Fig. 1 is a schematic sectional view of the fluidized bed portion of a fluidized bed furnace to explain the conventional combustion method, Fig. 2 is a sectional view of an embodiment using the burner according to the present invention, and Fig. 3 4 and 5 are cross-sectional views showing various shapes of the burner head of the nozzle pipe of a fluidized bed furnace, 1 is a cross-sectional view taken along line AA of 1, and 2 is a cross-sectional view taken along line B-2 of 2.
3 shows a CC sectional view of 3, 4 shows a DD sectional view of 4, and 5 shows an E-E sectional view of 5. DESCRIPTION OF SYMBOLS 1... Fluidized bed, 2... Burner gun, 3... Fuel inlet, 4... Air supply port, 5... Wind box, 6...
Air distribution plate 7... Furnace wall, 13... Chip, 9...
Nozzle pipe, 10... Burner head, 16, 18
...burner head opening, 17... constricted burner head opening, 19... winding vane, 21... radial small holes of burner head, 15... air inlet for fuel conveyance .

Claims (1)

[Claims] 1. In a fluidized bed furnace, the ratio G_1 between the amount of fuel conveying air G_1 introduced into the fluidized bed and the amount of air G_T required for combustion.
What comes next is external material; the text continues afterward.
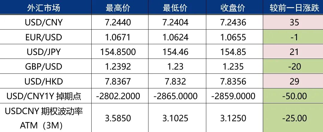 4月23日,人民币对美元中间价报7.1059,调贬16个基点。前一交易日中间价报7.1043,在岸人民币16:30收盘价报7.2436,夜盘收报7.2440。
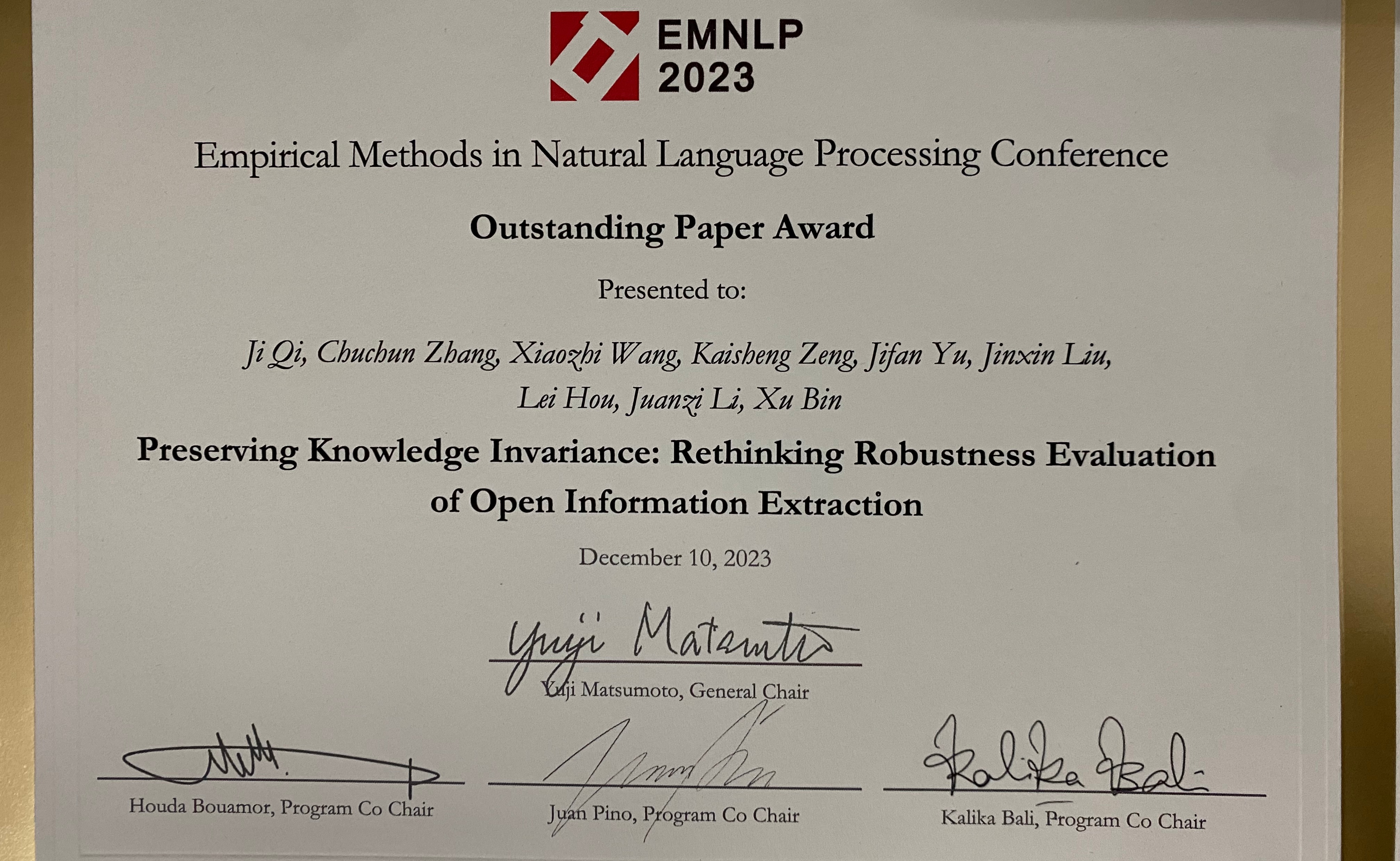 近日,2023年度自然语言处理实证方法会议(The 2023 Conference on Empirical Methods in Natural Language Processing,简称EMNLP 2023)在新加坡召开。计算机系知识工程实验室发表的论文《保持知识不变性:反思开放信息抽取的鲁棒性验证》荣获EMNLP 2023...

/G_T is adjusted to 0.4 or more so that the fuel carried by the air in the nozzle pipe becomes a jet of a mixture of fuel and air and is supplied into the fluidized bed. A combustion method in a fluidized bed furnace, characterized in that a swirling flow is given to fluid supplied from a burner head of a nozzle pipe that supplies fuel to the bed furnace. 2 In a fluidized bed furnace, G_1 and G introduced into the fluidized bed
The ratio G_1/G_T with _T is adjusted to 0.4 or more so that the fuel carried by the air in the nozzle pipe becomes a jet of a mixture of fuel and air and is supplied into the fluidized bed. Insert the fuel into the fluidized bed by setting the insertion height (H) of the burner head of the nozzle pipe from the air distribution plate in the fluidized bed to 10
A method of combustion in a fluidized bed furnace, characterized in that the combustion angle is adjusted to 20 mm to 20 mm, and a swirling flow is given to the fluid supplied from the burner head. In a fluidized bed furnace, G_1 and G_T introduced into the fluidized bed
The ratio G_1/G_T is adjusted to 0.4 or more so that the fuel carried by the air in the nozzle pipe becomes a jet of a mixture of fuel and air and is supplied into the fluidized bed.
And adjust H to 10 mm to 20 mm, and further adjust the cross-sectional diameter of the burner head opening to 77% of the nozzle pipe diameter.
-94%, or the opening is made into a large number of radial small holes, or a swirling vane is provided at an angle of 30 to 60 degrees with respect to the normal to the opening in the right-angled cross section of the nozzle pipe,
A combustion method in a fluidized bed furnace, characterized in that a swirling flow is generated in a mixture of fuel and air.